Doxorubicin (DOX), one of the most commonly used antitumor drugs, is a broad spectrum anticancer agent, used in therapy against solid tumors and hematopoietic malignancies.^1–2 However, serious side effects, including cardiomyopathy and congestive heart failure, have limited its clinical applications.^3–4 To decrease potential toxicities and improve its properties, the development of effective treatment methods for targeted drug delivery is of vital importance. In recent years, different superparamagnetic nanoparticles, modified with various surface coatings, have been widely applied in biomedical fields, including targeted drug delivery⁵ and magnetic resonance imaging.⁶ Delivering DOX under external magnetic field induction, for targeted chemotherapy, will allow it to preferentially remain at the site, thereby raising drug levels at the site of tumor, which could potentially maximize therapeutic effect, with minimal toxicity to healthy tissues.^7–9 For these kinds of clinical applications, high drug loading ability, suitable size, good dispersion, and low toxicity of particles are quite important. Magnetic particles coated with various surface layers, such as lipid,¹⁰ polymer,^11–12 and micelle layers,¹³ have been developed for targeted drug delivery, and have attained great success in biomedical applications. Recently, silica has been widely used in biomedical applications, because of its merits of high stability with respect to pH and concentration, easy functionalization, and biocompatibility.¹⁴ Through silica surface modifications, magnetic nanoparticles can avoid agglomeration, improve stability, and facilitate connection with other functional groups; they show great potential for targeted drug delivery. However, because the content of functional groups in the surface of nanoparticles is limited, drug loading efficiency is generally low (the drug loading percentage is less than 20%, in most cases). The low efficiency of drug loading requires use of a large amount of nanoparticle carrier. This may lead to several problems, such as toxicity, biodegradation, and metabolization of the nanoparticle carrier.¹⁵

Coupling particular ligands of therapeutic agents with nanoparticle carriers can enhance their antitumor activity, due to the strong bond between receptor-expressing tumor cells and the ligands, as well as the intracellular delivery potential of cell-mediated endocytosis.^16–17 Various ligands have been linked to nanoparticles for enhancing drug delivery efficiency.^18–20 Human serum transferrin is a single-chain glycoprotein, present in plasma, that can transport iron in the human body.²¹ The transferrin receptor (TfR), also known as CD71, is usually overexpressed on the surfaces of proliferating cancer cells, due to their increased iron requirements.^22–24 Through receptor-mediated endocytosis, Tf easily enters the TfR-overexpressing cells. Consequently, it is widely used in targeting drug delivery, for improving cellular and nuclear uptake.

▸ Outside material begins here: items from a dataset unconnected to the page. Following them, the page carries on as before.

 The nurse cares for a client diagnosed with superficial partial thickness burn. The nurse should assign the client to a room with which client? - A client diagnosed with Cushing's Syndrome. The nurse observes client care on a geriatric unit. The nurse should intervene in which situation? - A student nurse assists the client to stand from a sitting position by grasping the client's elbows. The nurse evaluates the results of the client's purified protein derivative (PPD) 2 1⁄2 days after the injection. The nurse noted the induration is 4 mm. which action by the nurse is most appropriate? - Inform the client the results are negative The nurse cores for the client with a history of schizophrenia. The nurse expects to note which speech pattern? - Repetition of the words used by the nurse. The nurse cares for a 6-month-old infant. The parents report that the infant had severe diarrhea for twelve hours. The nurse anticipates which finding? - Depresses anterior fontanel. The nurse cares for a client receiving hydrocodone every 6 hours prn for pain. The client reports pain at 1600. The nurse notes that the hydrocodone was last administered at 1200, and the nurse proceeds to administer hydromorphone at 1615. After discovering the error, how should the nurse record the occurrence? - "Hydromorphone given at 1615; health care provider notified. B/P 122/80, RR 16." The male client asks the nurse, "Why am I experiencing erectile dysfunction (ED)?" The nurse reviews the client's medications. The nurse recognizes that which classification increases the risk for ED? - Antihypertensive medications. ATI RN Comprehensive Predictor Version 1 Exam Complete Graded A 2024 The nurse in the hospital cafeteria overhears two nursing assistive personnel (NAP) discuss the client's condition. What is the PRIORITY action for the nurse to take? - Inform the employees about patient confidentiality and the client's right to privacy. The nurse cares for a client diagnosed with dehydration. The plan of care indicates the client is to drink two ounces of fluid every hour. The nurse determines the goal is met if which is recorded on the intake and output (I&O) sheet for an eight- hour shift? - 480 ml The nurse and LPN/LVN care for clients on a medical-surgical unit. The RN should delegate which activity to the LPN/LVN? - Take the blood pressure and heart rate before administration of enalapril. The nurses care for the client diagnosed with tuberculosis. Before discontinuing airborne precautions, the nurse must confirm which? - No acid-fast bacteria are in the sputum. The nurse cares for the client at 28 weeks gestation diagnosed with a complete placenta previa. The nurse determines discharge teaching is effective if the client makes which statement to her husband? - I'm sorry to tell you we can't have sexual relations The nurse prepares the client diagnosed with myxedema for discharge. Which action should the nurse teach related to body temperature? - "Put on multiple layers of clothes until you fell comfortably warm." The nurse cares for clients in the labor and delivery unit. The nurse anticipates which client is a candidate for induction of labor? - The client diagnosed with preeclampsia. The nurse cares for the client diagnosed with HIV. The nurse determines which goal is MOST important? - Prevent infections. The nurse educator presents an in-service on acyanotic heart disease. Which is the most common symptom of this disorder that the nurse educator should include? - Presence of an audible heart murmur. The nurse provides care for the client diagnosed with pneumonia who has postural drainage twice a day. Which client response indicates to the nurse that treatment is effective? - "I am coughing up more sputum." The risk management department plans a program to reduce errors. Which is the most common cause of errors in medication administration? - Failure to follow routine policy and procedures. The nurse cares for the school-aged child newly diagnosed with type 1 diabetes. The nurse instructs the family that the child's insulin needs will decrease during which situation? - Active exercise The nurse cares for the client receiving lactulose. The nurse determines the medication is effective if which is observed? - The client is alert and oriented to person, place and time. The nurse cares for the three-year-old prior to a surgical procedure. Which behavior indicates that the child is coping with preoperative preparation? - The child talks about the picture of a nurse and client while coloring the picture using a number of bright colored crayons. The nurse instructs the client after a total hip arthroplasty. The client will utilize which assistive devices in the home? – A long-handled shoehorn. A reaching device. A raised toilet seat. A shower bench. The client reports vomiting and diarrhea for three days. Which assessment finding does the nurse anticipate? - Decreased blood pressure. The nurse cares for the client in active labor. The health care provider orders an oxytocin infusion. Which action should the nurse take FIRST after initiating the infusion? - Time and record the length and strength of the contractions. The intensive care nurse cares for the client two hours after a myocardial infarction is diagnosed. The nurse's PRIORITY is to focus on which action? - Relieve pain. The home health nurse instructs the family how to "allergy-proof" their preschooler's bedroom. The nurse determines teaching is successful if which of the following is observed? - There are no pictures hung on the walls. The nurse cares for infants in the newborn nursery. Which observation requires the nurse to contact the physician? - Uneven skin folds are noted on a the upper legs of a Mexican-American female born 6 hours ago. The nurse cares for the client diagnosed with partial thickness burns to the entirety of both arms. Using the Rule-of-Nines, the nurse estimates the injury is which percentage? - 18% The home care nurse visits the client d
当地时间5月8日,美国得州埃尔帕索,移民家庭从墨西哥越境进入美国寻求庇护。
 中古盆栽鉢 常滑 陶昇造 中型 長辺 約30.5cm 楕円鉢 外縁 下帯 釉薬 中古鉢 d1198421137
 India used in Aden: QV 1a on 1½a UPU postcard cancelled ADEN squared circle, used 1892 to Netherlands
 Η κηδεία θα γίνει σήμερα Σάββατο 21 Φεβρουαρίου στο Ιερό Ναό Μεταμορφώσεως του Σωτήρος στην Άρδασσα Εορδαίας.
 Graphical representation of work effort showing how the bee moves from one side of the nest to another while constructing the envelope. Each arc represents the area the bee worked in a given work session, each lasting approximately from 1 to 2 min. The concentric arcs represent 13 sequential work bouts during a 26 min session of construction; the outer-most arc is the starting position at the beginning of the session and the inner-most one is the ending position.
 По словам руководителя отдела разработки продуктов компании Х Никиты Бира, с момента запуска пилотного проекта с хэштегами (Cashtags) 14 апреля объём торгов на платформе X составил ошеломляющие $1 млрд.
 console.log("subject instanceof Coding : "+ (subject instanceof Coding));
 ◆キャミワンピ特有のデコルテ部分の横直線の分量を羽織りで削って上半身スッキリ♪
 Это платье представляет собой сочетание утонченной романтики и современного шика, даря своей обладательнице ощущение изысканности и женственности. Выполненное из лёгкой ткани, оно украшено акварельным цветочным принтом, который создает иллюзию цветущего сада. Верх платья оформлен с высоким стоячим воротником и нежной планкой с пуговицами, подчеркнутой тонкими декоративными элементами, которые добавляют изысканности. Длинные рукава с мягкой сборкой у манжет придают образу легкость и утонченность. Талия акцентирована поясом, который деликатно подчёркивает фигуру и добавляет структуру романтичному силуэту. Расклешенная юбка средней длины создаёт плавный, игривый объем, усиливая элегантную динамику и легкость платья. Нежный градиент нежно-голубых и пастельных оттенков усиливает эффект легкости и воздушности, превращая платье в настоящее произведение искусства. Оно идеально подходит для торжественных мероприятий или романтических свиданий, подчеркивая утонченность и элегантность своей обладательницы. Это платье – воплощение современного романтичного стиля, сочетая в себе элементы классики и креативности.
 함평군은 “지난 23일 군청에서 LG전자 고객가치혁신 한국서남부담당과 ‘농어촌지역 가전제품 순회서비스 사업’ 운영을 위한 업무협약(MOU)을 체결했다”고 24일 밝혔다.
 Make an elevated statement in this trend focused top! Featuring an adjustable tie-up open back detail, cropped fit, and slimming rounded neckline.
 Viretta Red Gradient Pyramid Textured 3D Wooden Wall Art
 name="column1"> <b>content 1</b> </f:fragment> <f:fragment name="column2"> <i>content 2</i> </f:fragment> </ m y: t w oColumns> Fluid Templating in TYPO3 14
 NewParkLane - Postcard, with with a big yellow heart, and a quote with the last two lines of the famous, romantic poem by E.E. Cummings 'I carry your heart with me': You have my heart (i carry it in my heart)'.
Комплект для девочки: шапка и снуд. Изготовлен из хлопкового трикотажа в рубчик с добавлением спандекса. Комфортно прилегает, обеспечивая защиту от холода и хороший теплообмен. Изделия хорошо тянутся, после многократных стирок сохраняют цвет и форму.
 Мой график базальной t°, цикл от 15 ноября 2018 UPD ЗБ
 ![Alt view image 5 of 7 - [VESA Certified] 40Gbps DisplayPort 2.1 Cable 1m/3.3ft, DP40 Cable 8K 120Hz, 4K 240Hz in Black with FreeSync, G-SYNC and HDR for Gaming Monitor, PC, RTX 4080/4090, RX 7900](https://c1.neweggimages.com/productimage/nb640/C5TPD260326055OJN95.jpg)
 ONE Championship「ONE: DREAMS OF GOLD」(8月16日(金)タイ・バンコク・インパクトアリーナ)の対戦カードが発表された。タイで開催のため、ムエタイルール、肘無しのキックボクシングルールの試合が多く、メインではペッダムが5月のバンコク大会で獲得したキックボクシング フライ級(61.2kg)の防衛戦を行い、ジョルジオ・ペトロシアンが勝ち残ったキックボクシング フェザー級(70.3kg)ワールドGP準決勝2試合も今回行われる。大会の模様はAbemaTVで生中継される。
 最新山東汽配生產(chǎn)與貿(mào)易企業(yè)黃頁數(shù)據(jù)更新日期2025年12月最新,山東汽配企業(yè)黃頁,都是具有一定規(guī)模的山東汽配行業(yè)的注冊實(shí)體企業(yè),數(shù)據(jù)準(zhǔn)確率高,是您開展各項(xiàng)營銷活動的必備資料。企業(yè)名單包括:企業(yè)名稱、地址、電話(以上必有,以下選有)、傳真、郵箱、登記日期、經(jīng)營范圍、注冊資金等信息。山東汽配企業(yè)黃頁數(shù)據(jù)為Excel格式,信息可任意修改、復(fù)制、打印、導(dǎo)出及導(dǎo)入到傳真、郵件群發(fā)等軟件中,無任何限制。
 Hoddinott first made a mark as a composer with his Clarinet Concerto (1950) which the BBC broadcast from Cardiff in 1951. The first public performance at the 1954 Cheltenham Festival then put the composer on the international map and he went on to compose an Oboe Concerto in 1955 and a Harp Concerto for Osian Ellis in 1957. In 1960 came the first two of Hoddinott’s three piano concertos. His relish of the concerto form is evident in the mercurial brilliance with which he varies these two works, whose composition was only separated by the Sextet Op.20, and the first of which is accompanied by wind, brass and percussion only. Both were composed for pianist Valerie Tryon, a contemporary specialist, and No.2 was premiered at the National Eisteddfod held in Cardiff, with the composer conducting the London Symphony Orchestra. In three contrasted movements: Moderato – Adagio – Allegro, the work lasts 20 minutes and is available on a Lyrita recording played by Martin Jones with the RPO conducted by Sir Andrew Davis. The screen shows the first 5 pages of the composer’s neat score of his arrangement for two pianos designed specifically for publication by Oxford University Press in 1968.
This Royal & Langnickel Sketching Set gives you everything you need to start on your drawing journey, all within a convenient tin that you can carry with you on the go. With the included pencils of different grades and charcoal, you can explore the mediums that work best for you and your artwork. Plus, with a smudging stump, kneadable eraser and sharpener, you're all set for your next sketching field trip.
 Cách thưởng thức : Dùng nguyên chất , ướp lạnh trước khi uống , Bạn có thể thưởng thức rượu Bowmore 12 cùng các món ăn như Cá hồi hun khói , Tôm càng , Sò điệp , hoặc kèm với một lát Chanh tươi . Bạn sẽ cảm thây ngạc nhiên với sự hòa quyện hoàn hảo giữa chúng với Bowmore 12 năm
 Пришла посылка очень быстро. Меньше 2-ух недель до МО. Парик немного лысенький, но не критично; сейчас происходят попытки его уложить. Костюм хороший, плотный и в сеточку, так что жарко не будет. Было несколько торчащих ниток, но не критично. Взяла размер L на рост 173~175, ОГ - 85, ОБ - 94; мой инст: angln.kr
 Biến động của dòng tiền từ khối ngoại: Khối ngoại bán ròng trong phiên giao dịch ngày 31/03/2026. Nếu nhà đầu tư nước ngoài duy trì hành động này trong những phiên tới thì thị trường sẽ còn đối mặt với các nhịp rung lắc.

In the present study, we set out to develop a multifunctional Fe₃O₄@SiO₂-based drug delivery system that combines three properties: magnetic targeting, TfR targeting, and high DOX loading. A dual functional group, modified Fe₃O₄@SiO₂ nanoparticle (DMP) was synthesized as a carrier. Using a multifunctional coupling reagent, poly-L-glutamic acid (PLGA), DOX can be efficiently coupled to the DMP, through the PLGA single- to multi-amino groups method. Transferrin is used as a targeting ligand, and can also chemically conjugate to the carrier. Using this method, we have developed an efficient approach for generating transferrin-conjugated Fe₃O₄@SiO₂ nanoparticles, with high DOX loading, for dual-targeted anticancer drug delivery; we studied their structure and biomedical properties.

Materials and methods

Materials

Doxorubicin hydrochloride was obtained from Tongchuang Medicine Technology (Beijing, People’s Republic of China). Transferrin, PLGA (molecular weight: 3,000–15,000 g/mol), N-hydroxysuccinimide (NHS), and N-(3-Dimethylaminopropyl)-N′-ethylcarbodiimide hydrochloride (EDC) were obtained from Sigma-Aldrich Company (St Louis, MO, USA). The Henrietta Lacks strain of cancer cells (HeLa) and human leukemia cell line K562 carcinoma cells were provided by the cell repository of the Chinese Academy of Sciences (Shanghai, People’s Republic of China).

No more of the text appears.